Hi guys, my husband and I are leaving the kids with grandparents for a week and coming over from aberdeen in april to look around to see which area would be most suitable for us, he too is in the oil industry month on/off, wonder if any of you could advise which area to rent a villa for the week so we can research where we will come to once house sells? Kids are 1 and 3
Thanks!


----------



## buster12 (Oct 9, 2012)

PeteandSylv said:


> As we live up in the hills our favourite places are not down in Paphos so the first question is whether people can and are willing to travel out of town. Next is time of day - lunch or evening (which is our preference).
> 
> Just as an idea in case you want to look on a map, immediate thoughts would be either Kallepia, Simou or Kathekas.
> 
> ...


Hi Pete,

Thanks for suggestions - I will peruse the map and see what can be sorted out!

What village do you live in? We also are looking to live 'out of town' and are looking forward to reviewing various areas we have in mind.

I assume I can impose on your help to sort out the best place to meet up (that is, the best grub!) once we have a village in mind? I am looking forward to picking your (and anyone else who is about) brains to help us sort out a short term (and possibly long term) rental for when we move in April. All suddenly rushing up on us now......

Best wishes,

David.


----------



## PeteandSylv (Sep 24, 2008)

buster12 said:


> Hi Pete,
> 
> Thanks for suggestions - I will peruse the map and see what can be sorted out!
> 
> ...


We live in Kannaviou although we are actually outside the main village nicely secluded and with fabulous views.

Please do ask for whatever help you need.

Pete


----------



## buster12 (Oct 9, 2012)

PeteandSylv said:


> We live in Kannaviou although we are actually outside the main village nicely secluded and with fabulous views.
> 
> Please do ask for whatever help you need.
> 
> Pete


Hi Pete,

sounds delightful! Had a look on t/internet and Simou looks interesting for a meet - what is the taverna like there?

David


----------



## PeteandSylv (Sep 24, 2008)

buster12 said:


> Hi Pete,
> 
> sounds delightful! Had a look on t/internet and Simou looks interesting for a meet - what is the taverna like there?
> 
> David


One of our favourites is in Simou:
http://www.facebook.com/tremithas?fref=ts

Lovely welcoming people and good food.

Pete


----------



## Da Funk (Jun 5, 2010)

pammy221 said:


> Hi guys, my husband and I are leaving the kids with grandparents for a week and coming over from aberdeen in april to look around to see which area would be most suitable for us, he too is in the oil industry month on/off, wonder if any of you could advise which area to rent a villa for the week so we can research where we will come to once house sells? Kids are 1 and 3
> Thanks!


Hello Pam,

I just came across your comment. I'm not on this forum much just every week or 2. I too from Aberdeen and work in the oil and gas in North Sea and worldwide. I have had my villa in Cyprus for coming up to 8 years in June. Aberdeen is still my home but I have my property in Cyprus as a second home and holiday rental to help with the bills. If you want any advice then I would be happy to share my experiences if I can help. Some of the things I have learnt the hard way. The most important piece of advice I can give anyone is to make sure you only by a property with title deeds. If someone offers you a property with an AX Number which is a property with a pending title deed, don't take it!! Only buy with a title deed!! 

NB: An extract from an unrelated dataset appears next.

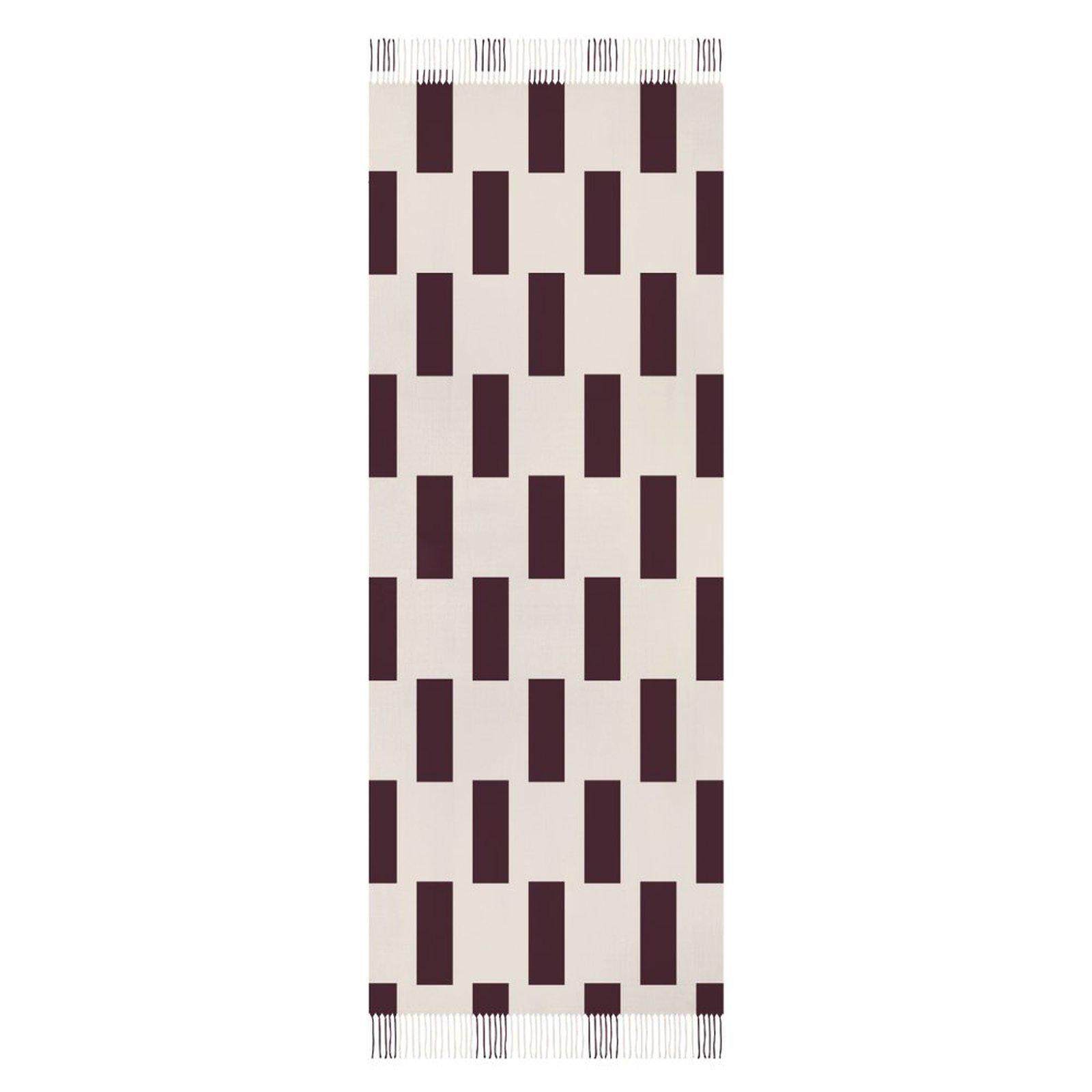 • Striking geometric rectangular check pattern in wine and beige

Oh and also there's a lot of people on this particular forum that see Paphos as the bee all and end all of moving to Cyprus. There is a lot of other beautiful other villages out there in the eastern part of the island which are worth considering. Some of my neighbours in my village and street are desperate to sell and have just received there title deeds which I know 100% for sure as they received them the same time as I did. You will also find better beaches in the East, however Paphos may appeal to you. Everyone's tastes and circumstances are different.

If you want to email me privately, I do not mind, I'm currently offshore but home in a few weeks in February 2013 and plan to go over to my villa in March 2013.

Kind Regards,

Frank


----------